- _Work required_: Beginning with the line that holds "У російському селищі", write out each line exactly as it stands until the end of the data, and include no pictures.

(Entries taken from a collection)
.....
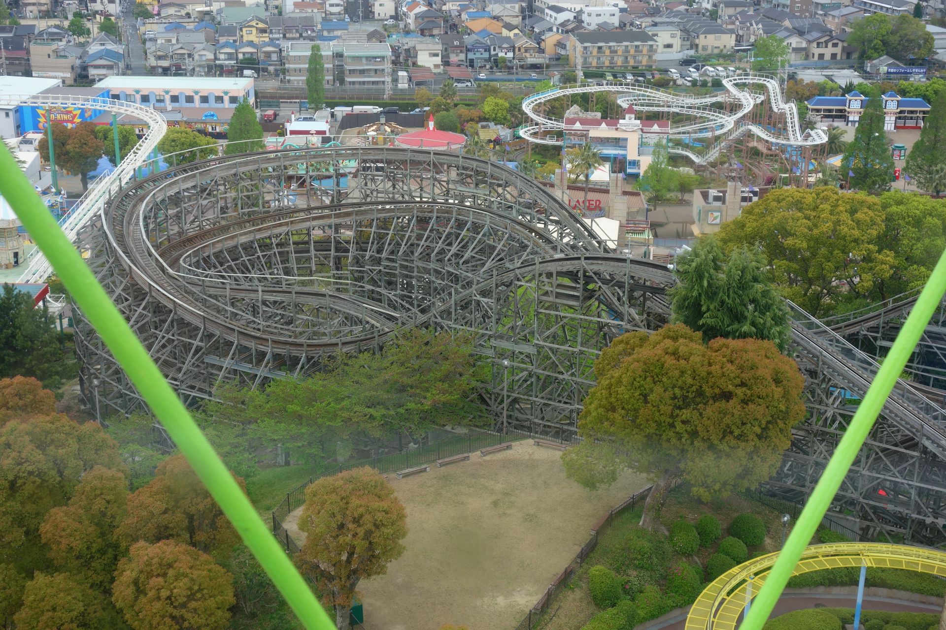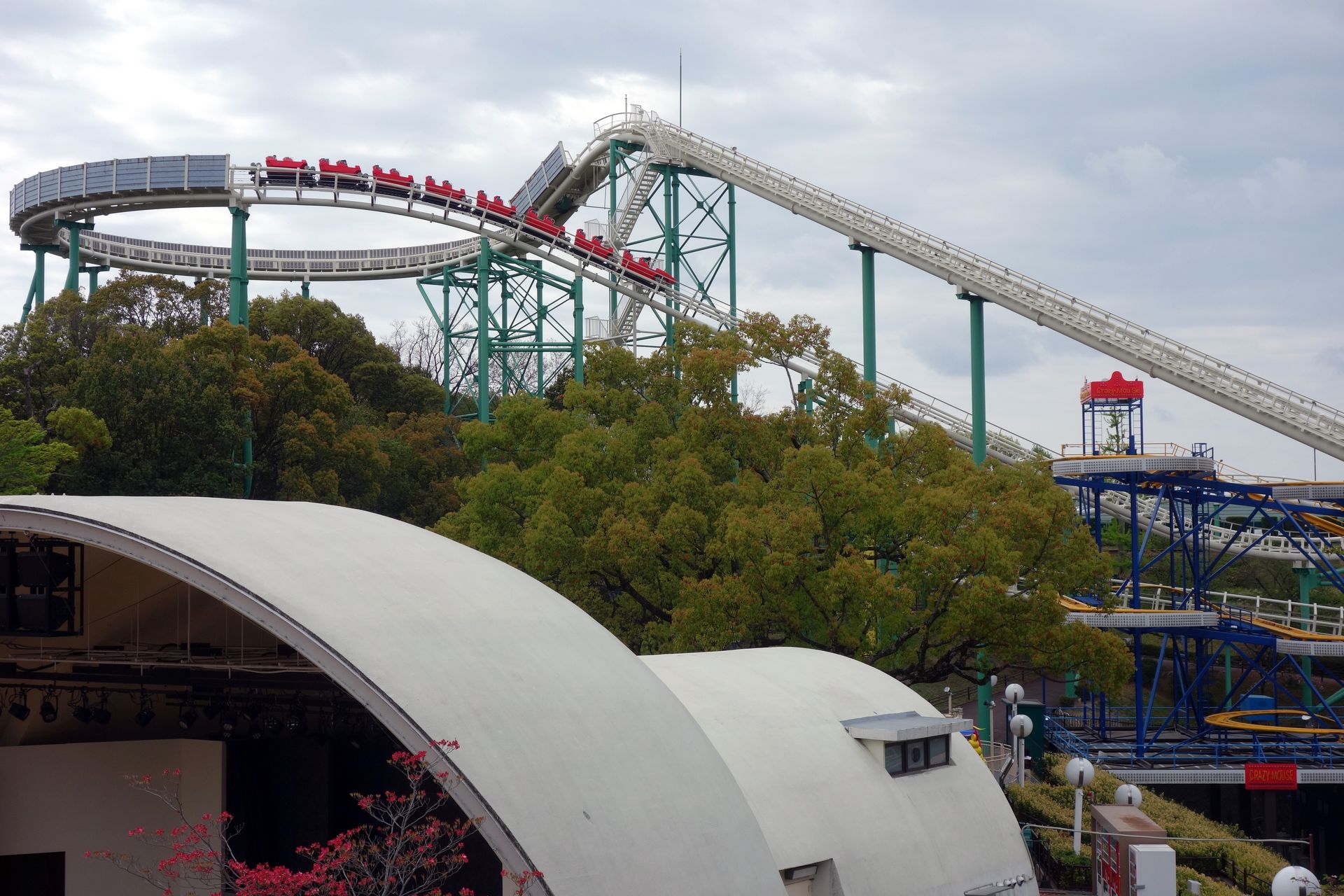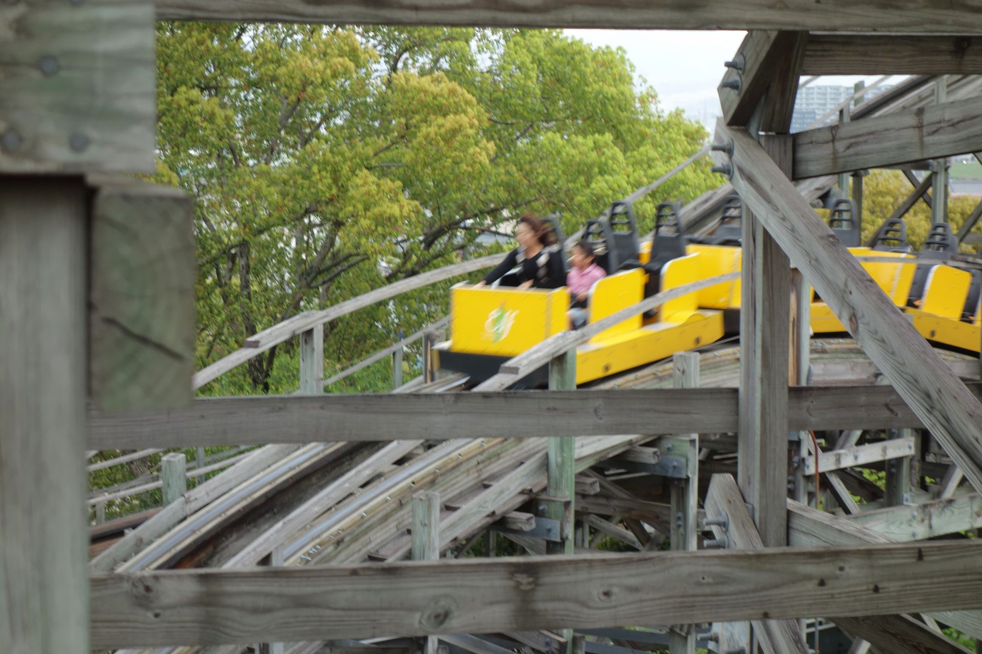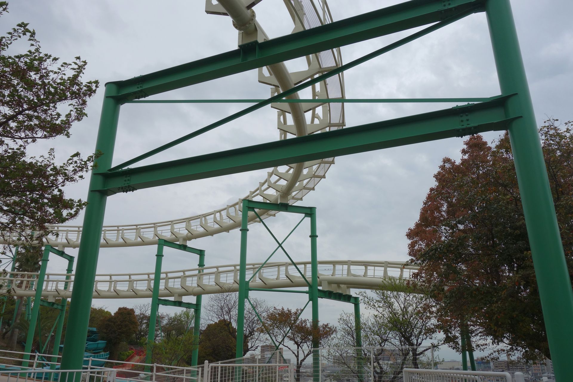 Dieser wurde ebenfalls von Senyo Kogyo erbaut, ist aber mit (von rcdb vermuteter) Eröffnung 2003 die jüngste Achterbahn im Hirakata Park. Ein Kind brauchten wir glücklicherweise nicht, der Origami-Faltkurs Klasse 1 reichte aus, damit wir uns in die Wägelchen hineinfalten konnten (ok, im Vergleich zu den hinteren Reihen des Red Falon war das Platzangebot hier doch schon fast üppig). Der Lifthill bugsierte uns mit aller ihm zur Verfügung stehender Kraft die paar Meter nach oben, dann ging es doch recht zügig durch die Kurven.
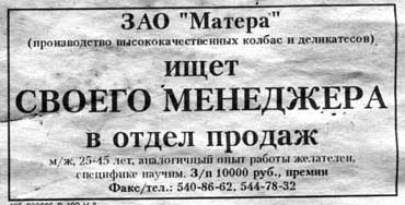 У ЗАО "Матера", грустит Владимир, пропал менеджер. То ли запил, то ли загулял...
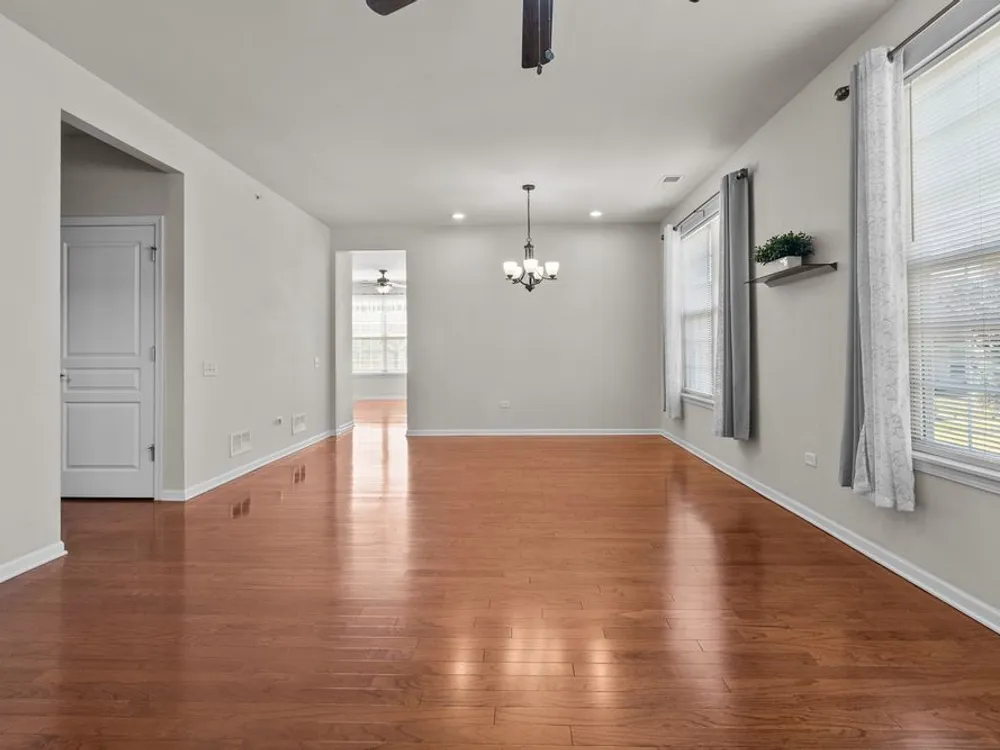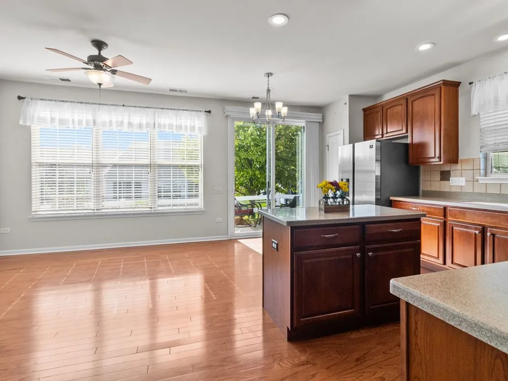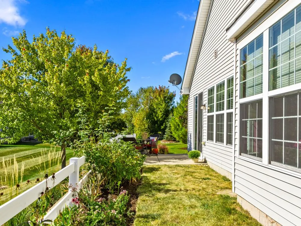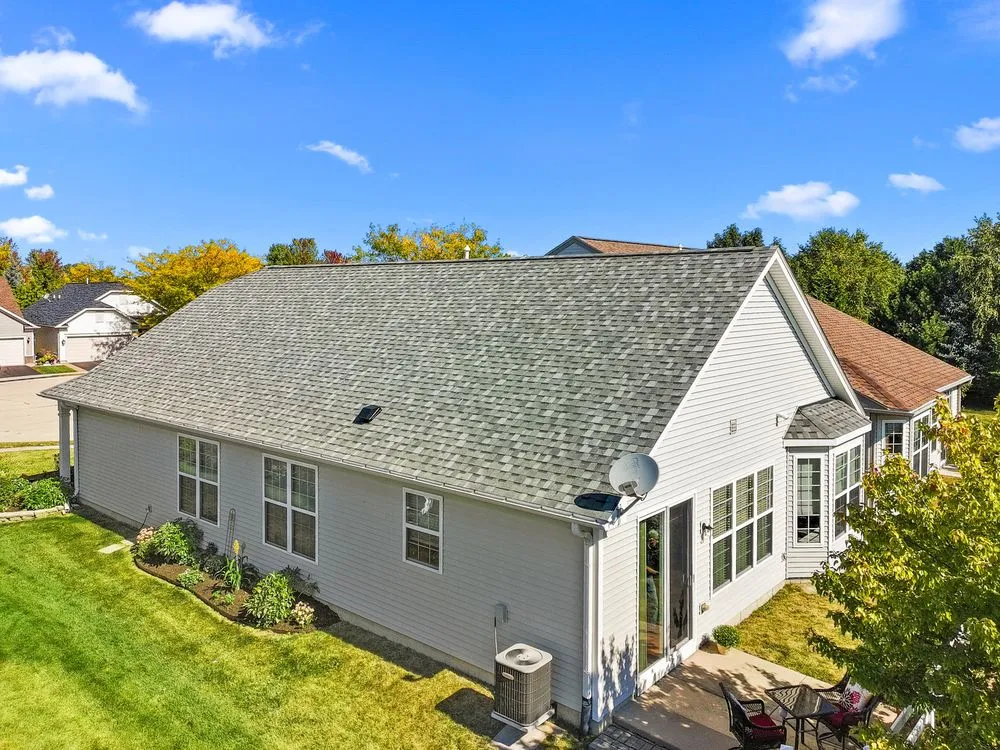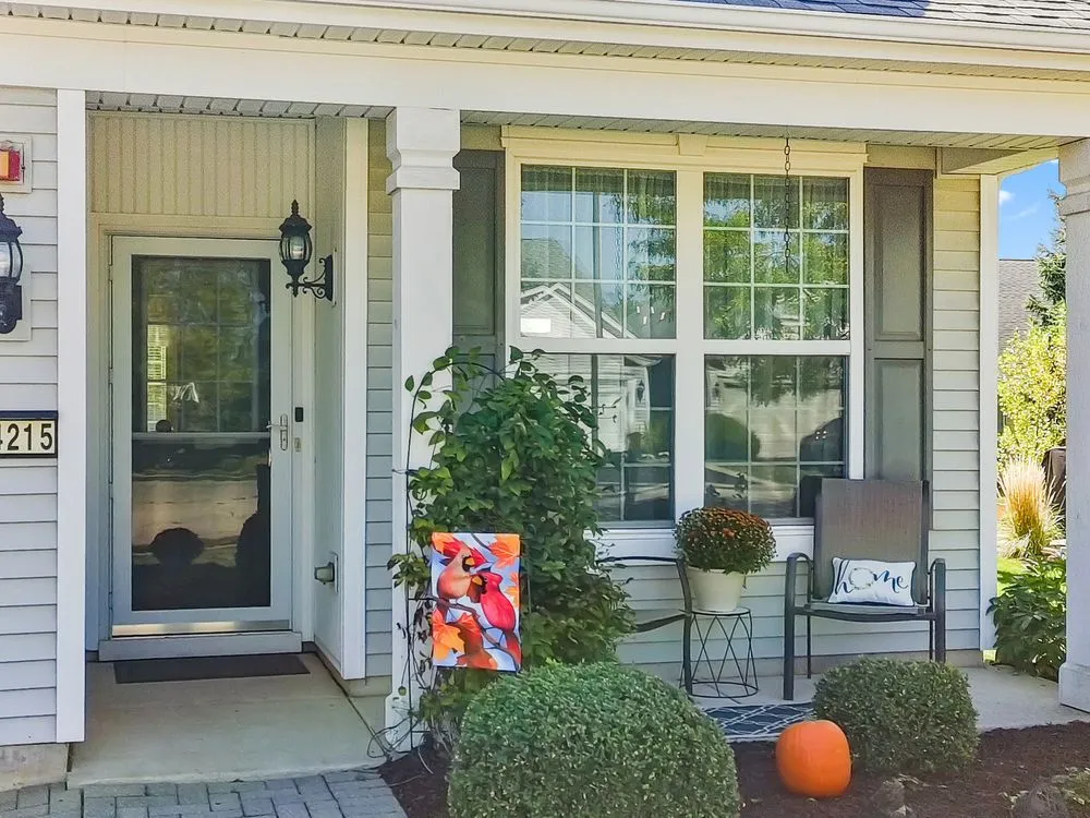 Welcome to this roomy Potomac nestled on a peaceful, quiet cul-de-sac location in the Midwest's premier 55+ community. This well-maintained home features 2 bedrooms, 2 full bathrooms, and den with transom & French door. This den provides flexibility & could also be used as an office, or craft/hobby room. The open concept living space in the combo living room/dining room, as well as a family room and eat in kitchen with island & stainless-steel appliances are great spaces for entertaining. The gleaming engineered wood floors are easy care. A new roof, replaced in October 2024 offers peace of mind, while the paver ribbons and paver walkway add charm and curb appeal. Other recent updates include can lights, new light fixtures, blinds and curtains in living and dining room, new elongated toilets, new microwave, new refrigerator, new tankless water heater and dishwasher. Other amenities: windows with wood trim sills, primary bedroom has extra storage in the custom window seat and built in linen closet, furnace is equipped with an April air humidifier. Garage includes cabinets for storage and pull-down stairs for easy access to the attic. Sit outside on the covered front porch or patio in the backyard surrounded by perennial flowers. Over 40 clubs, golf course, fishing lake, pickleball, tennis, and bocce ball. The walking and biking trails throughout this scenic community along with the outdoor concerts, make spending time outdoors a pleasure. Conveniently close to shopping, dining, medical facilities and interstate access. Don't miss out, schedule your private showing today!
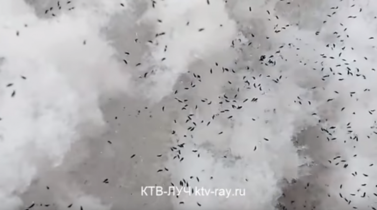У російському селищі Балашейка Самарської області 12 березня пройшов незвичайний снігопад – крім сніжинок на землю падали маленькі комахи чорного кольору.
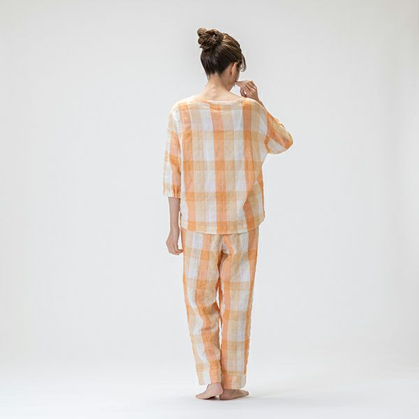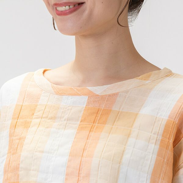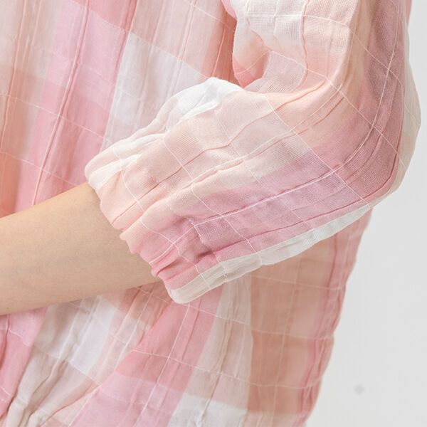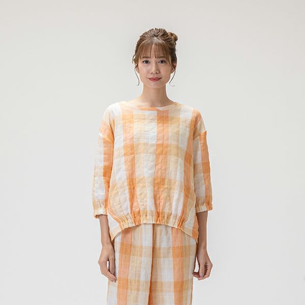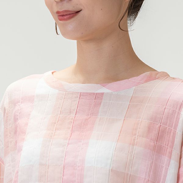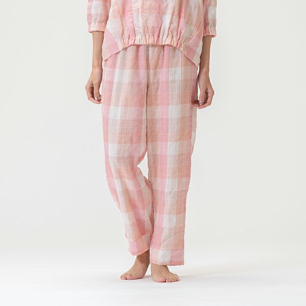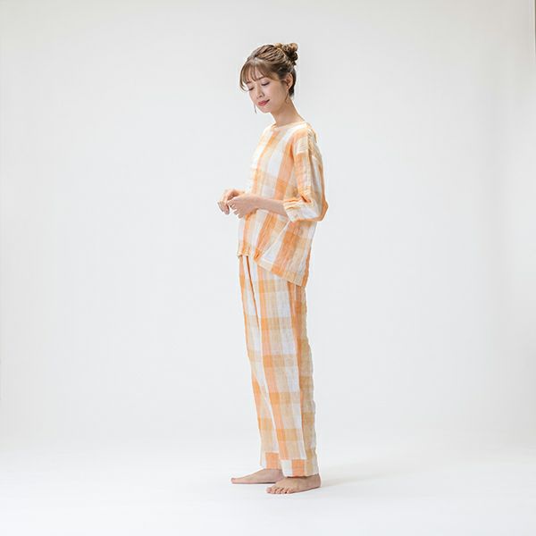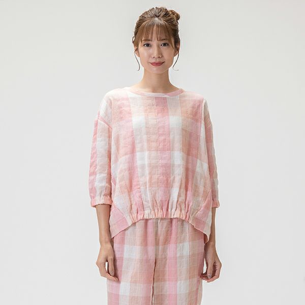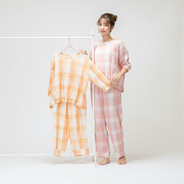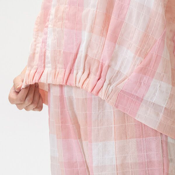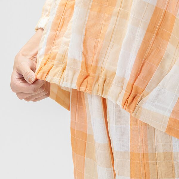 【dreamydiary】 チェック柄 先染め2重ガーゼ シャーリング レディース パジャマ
.....
- _Answer to this task_:
У російському селищі Балашейка Самарської області 12 березня пройшов незвичайний снігопад – крім сніжинок на землю падали маленькі комахи чорного кольору.
 【dreamydiary】 チェック柄 先染め2重ガーゼ シャーリング レディース パジャマ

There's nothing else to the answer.